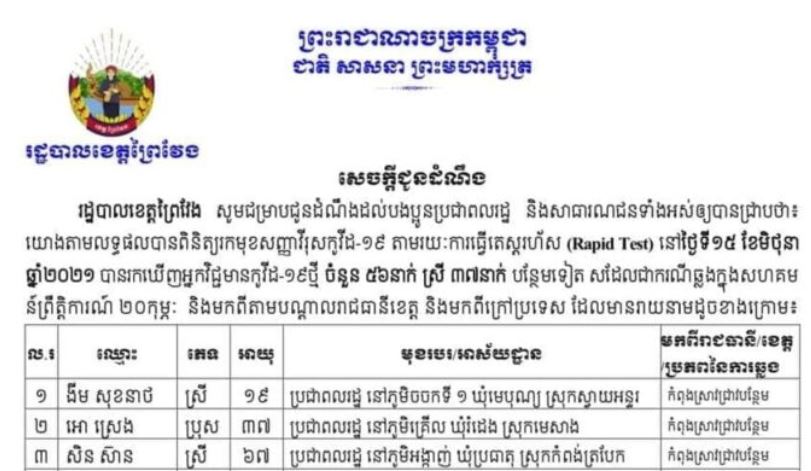 រដ្ឋបាលខេត្តព្រៃវែងបានបង្ហាញអត្តសញ្ញាណករណីអ្នកវិជ្ជមានកូវីដ-១៩ ចំនួន៥៦នាក់បន្ថែមទៀតតាមរយៈការធ្វើតេស្តរហ័ស (Rapid Test) នៅថ្ងៃទី១៥មិថុនាឆ្នាំ២០២១។ ក្នុងចំណោមអ្នកឆ្លងថ្មីទាំងនោះ មាននៅក្រុងព្រៃវែង៤នាក់, ស្រុកពាមរក៍៨នាក់, ស្រុកពារាំង៨នាក់, ស្រុកព្រះសេ្តច៨នាក់, ស្រុកកំពង់ត្របែក៧នាក់, ស្រុកពាមជរ៦នាក់, ស្រុកស្វាយអន្ទរ៥នាក់, ស្រុកមេសាង៥នាក់, ស្រុកកញ្ចៀចម្នាក់, ស្រុកពោធិ៍រៀងម្នាក់ និង មកពីខេត្តកណ្ដាលចំនួន៣នាក់។
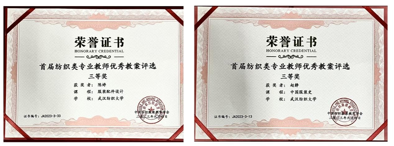 推进服装与服饰设计国家一流专业建设,获批湖北省虚拟仿真一流课程2门,线上平台新课程上线3门,出版部委级规划教材3部。承办中国纺织类教学指导委员会服装分委员会年会,邀请教育部教学指导委员会专家郁崇文教授等8位专家来学院指导工作。完善学院教育教学管理制度,先后编撰课程思政指南口袋本4册,持续加强学院基层教学组织建设,服装与服饰设计教研室获批湖北省优秀基层教学组织,圆满完成本科教育教学审核评估。获批“纺织之光”高等学校教学成果奖13项(特等奖1项, 一等奖5项,二等奖7项),创学院历史新高。获全国纺织类高校青年教师讲课比赛二等奖1项,优秀教案三等奖2项。
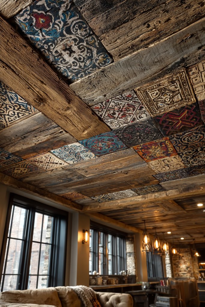 15. Patterned Ceiling Tiles or Wood Planks for Vintage or Industrial Style
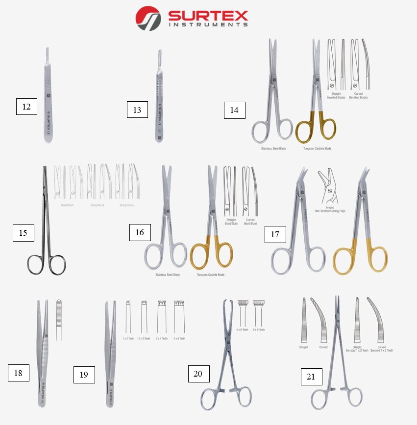 Bộ dụng cụ phẫu thuật cao cấp dùng cho phẫu thuật thương hiệu Surtex được nhập khẩu chính hãng từ Anh. Sản phẩm được làm từ chất liệu thép không gỉ cao cấp tiêu chuẩn Châu Âu, đảm bảo an toàn cho mọi ca phẫu thuật. Dụng cụ có thể được khử trùng và tái sử dụng.
__________________________________________________
• EXERCISE GOAL
What you give back should be the full material above, retyped exactly, with every image removed.

• FINAL ANSWER
 រដ្ឋបាលខេត្តព្រៃវែងបានបង្ហាញអត្តសញ្ញាណករណីអ្នកវិជ្ជមានកូវីដ-១៩ ចំនួន៥៦នាក់បន្ថែមទៀតតាមរយៈការធ្វើតេស្តរហ័ស (Rapid Test) នៅថ្ងៃទី១៥មិថុនាឆ្នាំ២០២១។ ក្នុងចំណោមអ្នកឆ្លងថ្មីទាំងនោះ មាននៅក្រុងព្រៃវែង៤នាក់, ស្រុកពាមរក៍៨នាក់, ស្រុកពារាំង៨នាក់, ស្រុកព្រះសេ្តច៨នាក់, ស្រុកកំពង់ត្របែក៧នាក់, ស្រុកពាមជរ៦នាក់, ស្រុកស្វាយអន្ទរ៥នាក់, ស្រុកមេសាង៥នាក់, ស្រុកកញ្ចៀចម្នាក់, ស្រុកពោធិ៍រៀងម្នាក់ និង មកពីខេត្តកណ្ដាលចំនួន៣នាក់។
 推进服装与服饰设计国家一流专业建设,获批湖北省虚拟仿真一流课程2门,线上平台新课程上线3门,出版部委级规划教材3部。承办中国纺织类教学指导委员会服装分委员会年会,邀请教育部教学指导委员会专家郁崇文教授等8位专家来学院指导工作。完善学院教育教学管理制度,先后编撰课程思政指南口袋本4册,持续加强学院基层教学组织建设,服装与服饰设计教研室获批湖北省优秀基层教学组织,圆满完成本科教育教学审核评估。获批“纺织之光”高等学校教学成果奖13项(特等奖1项, 一等奖5项,二等奖7项),创学院历史新高。获全国纺织类高校青年教师讲课比赛二等奖1项,优秀教案三等奖2项。
 15. Patterned Ceiling Tiles or Wood Planks for Vintage or Industrial Style
 Bộ dụng cụ phẫu thuật cao cấp dùng cho phẫu thuật thương hiệu Surtex được nhập khẩu chính hãng từ Anh. Sản phẩm được làm từ chất liệu thép không gỉ cao cấp tiêu chuẩn Châu Âu, đảm bảo an toàn cho mọi ca phẫu thuật. Dụng cụ có thể được khử trùng và tái sử dụng.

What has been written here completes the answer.